There is only one way forward for the AFL-CIO rank and file if they hope to weather the coming storms. A new leadership must be constructed and the best of the experienced veterans of past labor struggles need to find ways to collaborate in the big struggles that are bound to break out in the immediate period ahead. That is, the blows will begin to rain down on isolated unions in order to pick them off one at a time at an ever-faster pace. The very least that must be done is for devoted trade union activists and others who consider themselves a part of the small vanguard of class struggle fighters to establish a collaborative relationship with others anxious to stop the headlong retreat of the American labor movement and begin to fight to regain lost ground and more.

It has always been up to the class struggle vanguard to serve as the memory, as it were, of the lessons they have learned from the class struggle veterans that came before them as well as from their own experience. It’s up to this vanguard to find its way to the rank-and-file class struggle fighters that will be impelled to the fore out of the struggles that will inevitably erupt when the capitalist assaults begin to meet with determined resistance.
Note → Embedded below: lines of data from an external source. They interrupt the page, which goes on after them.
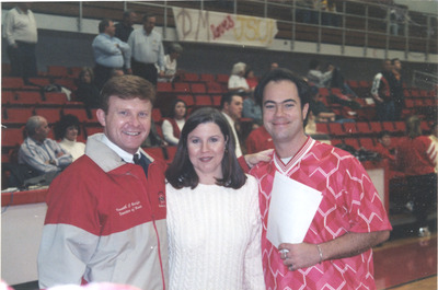 Dr. Kenneth G. Bodiford was the Director of Bands at Jacksonville State University from 1994-2025. Identified standing with him inside the Pete Mathews Coliseum is Mark Fifer, a JSU Master of Music Education graduate. (circa 1999)
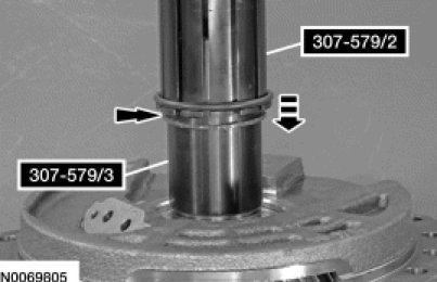 3. Install the Support Solid Seal Installer 307-579/2 on the Support Solid Seal Installer 307-579/3 and slide the seal in to the groove on the stator support assembly.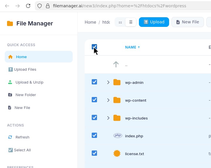 wordpressdirectory, and select every item by clicking on a checkbox at the very top. -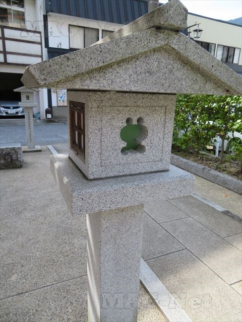 石灯篭の明かり窓も、カエルの形にくり抜かれています。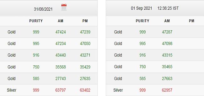 Gold, Silver Price Today September 1st, 2021: नए महीने की शुरुआत के साथ ही सोने के रेट में मामूली तेजी आई है. साथ ही चांदी की कीमतों में गिरावट दर्ज की गई है. पिछले कारोबारी दिन यानी 31 अगस्त के मुकाबले आज सोना 48 रुपये महंगा हुआ है.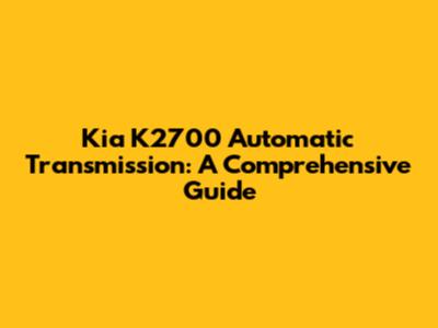 Understanding Your Kia K2700 Automatic Transmission

In this writer’s experience, workers engaged in a fight to defend the living standards of their families and friends tend to eagerly welcome any help they can get. When the battle is in full swing any sincere volunteer that wants to help a group of workers locked in struggle will find the door wide open so long as they make clear that all they want to do is help.

Walker and other veterans of the class struggle are already talking about the need for what I prefer to call a class struggle left wing of the American labor movement. One like the Trade Union Educational League that helped lay the foundations for the modern industrial trade union movement that was crystallized as the Congress of Industrial Organizations that eventually re-merged with the American Federation of Labor to become what we now know as the AFL-CIO.

The formation of an alliance of class struggle fighters such as was the TUEL will surely arise in one form or another in the course of the coming labor upsurge. It’s up to the existing workers’ vanguard to find its way to them and help reconstruct a class struggle wing of the American labor movement. It’s our duty to help the new generation that will replace us find their way to the recorded history of the world workers movement and its rich lessons which serve to point the way to victory and the ultimate liberation of the working class from wage slavery, and to the emancipation of the human race from capitalist barbarism and self destruction.